Donc, il y a en gros 200 milliards d’euros qui ont ripé du travail vers le capital. Pour Jacky Fayolle, ancien directeur de l’Institut de recherches économiques et sociales (IRES), de tels ordres de grandeur « traduisent des déformations structurelles, pas simplement de l’économie mais de la société ». Ces déformations résultent de « tout un ensemble de facteurs : le poids du chômage, les politiques économiques, les changements de la gouvernance des entreprises depuis une vingtaine d’années ».

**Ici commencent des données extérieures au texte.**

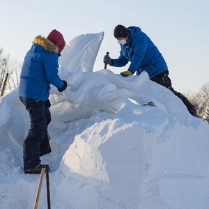 1月10日,在哈爾濱太陽(yáng)島雪博會(huì )園區,參賽選手進(jìn)行雪雕創(chuàng )作。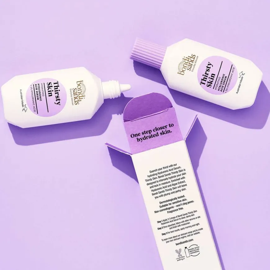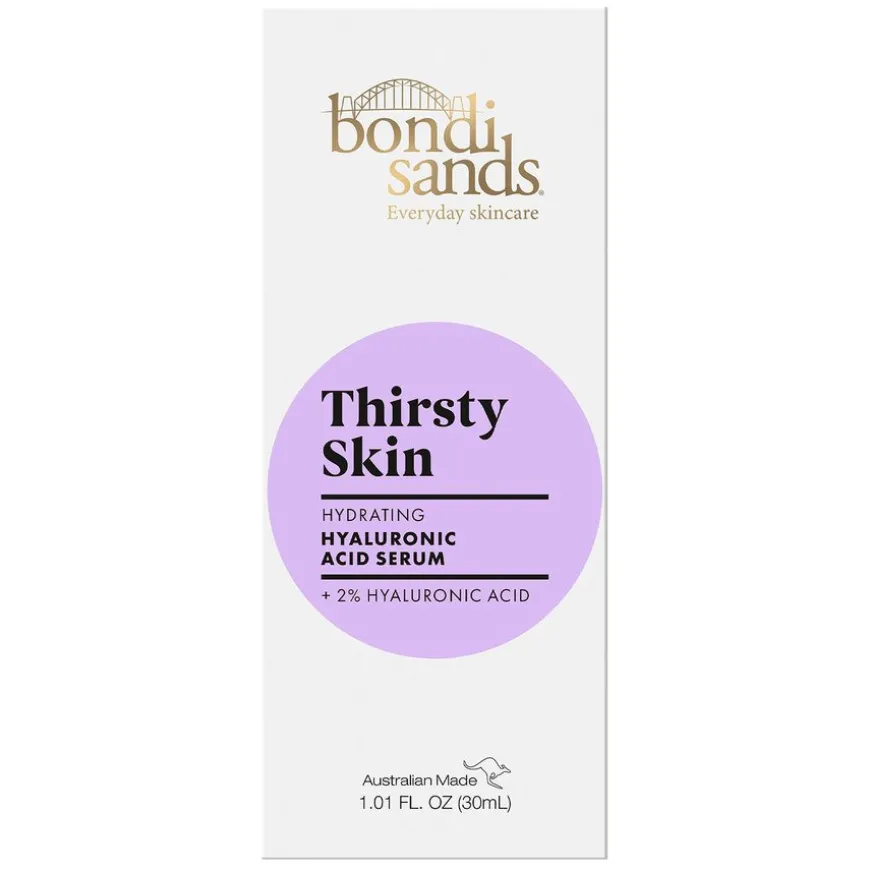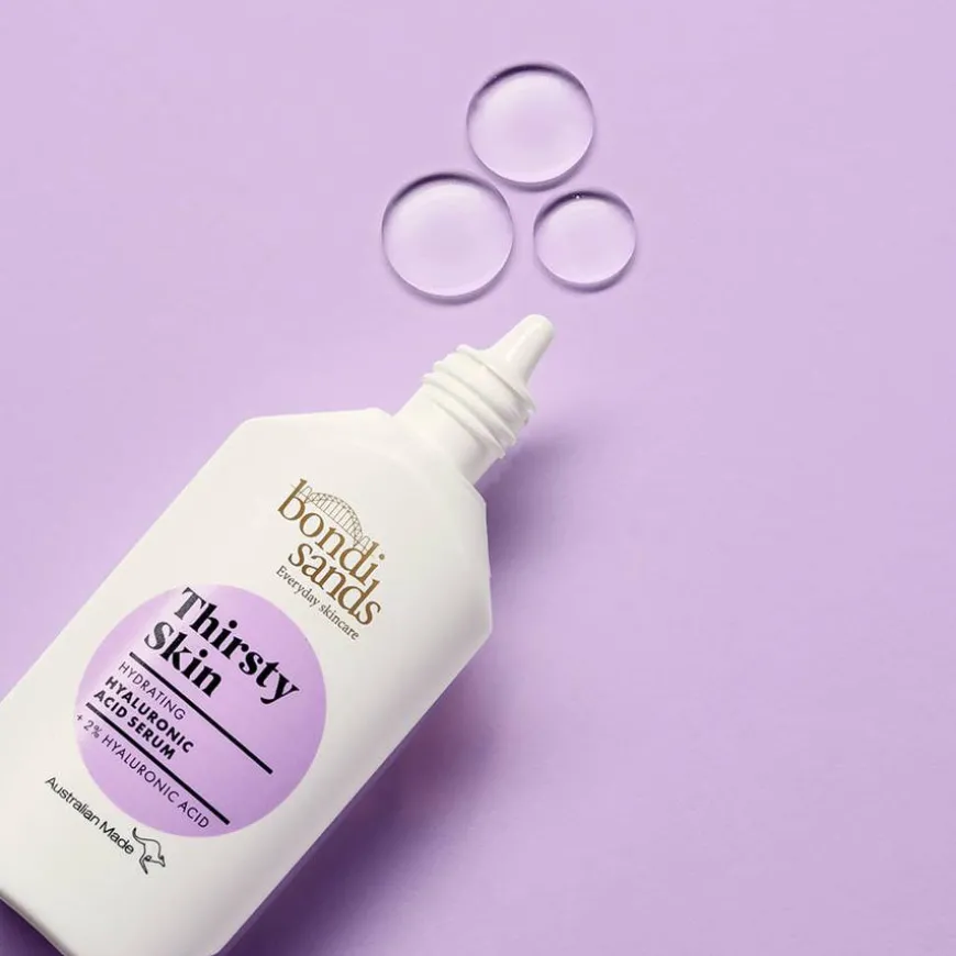 - Påfør 2–3 dråper av Bondi Sands Thirsty Skin Hyaluronic Acid Serum på ren og fuktig hud.

Il faut bien reconnaître et admettre que l’abandon de l’économie par le pouvoir politique conduit l’organisation de la société dans une dérive de la compétitivité qui ne se tourne exclusivement que vers l’appât de gains toujours plus importants, un besoin insatiable des « locataires de la forteresse».[4]C’est, en effet, une déformation structurelle de la société qui se traduit par un changement de la gouvernance des entreprises et qui entraîne du chômage.

Et qui redoute le pire ? M. Alan Greenspan, ancien directeur de la Réserve fédérale américaine (la Fed), livre ses inquiétudes au Financial Times[5]. Il estime que la part des salaires est historiquement basse alors que les gains de productivité ne cessent de progresser. Il redoute que des gens se soulèvent contre le capitalisme et le marché dont les profits deviennent indécents.

Ce n’est donc plus un ressentiment contre le capitalisme de marché, c’est un détournement de la force du travail au profit du capital. Il est confirmé par un commentaire de l’Insee[6]. Après avoir sensiblement augmenté à la suite des accords de Grenelle en 1968 et des chocs pétroliers de la décennie 70, la part des revenus du travail a reculé au cours des années 80. Elle a retrouvé, depuis le début des années 90, un niveau proche de celui du début de la décennie 60 ! Cette institution confirme la baisse de 9,3% de la part des salaires dans le PIB [7].

Mais cette thèse est contestée par les orthodoxes de l’économie libérale qui sont actuellement aux commandes du monde.

C'est l'objet du prochain chapitre: "Les orthodoxes contestent le détournement !"

Denis Garnier


[1] François Ruffin ; « La guerre des classes » Editions Fayard- 2008

[2] Source citée par Richard Sennett -Luci Ellis et Kathryn Smith, « The global upward trend in the profit share », Banque des règlements internationaux, Working Papers, n° 231, Bâle, juillet 2007.

[3] Maurice Allais- Extrait d’une lettre ouverte adressée à Monsieur Jacques Myard, Député des Yvelines, 2005

[4]« Les locataires de la forteresse », désigne pour l’auteur, tous les acteurs de la finance internationale qui tiennent l’économie des Etats. Locataires parce qu’ils ne sont que de passage, comme nous tous.

[5] Financial Times, Londres, 17 septembre 2007. Lire aussi La Tribune du même jour.

[6] Economie et statistique n°323-1999

[7] Selon les dernières séries de l’Insee, la part des salaires dans la valeur ajoutée des entreprises est de 65,8 % en 2006 contre 74,2 % en 1982, soit un recul de 8,4 points. Selon la Commission européenne, la part des salaires dans l’ensemble de l’économie est passée de 66,5 % en 1982 à 57,2 % en 2006, soit une baisse de 9,3 points.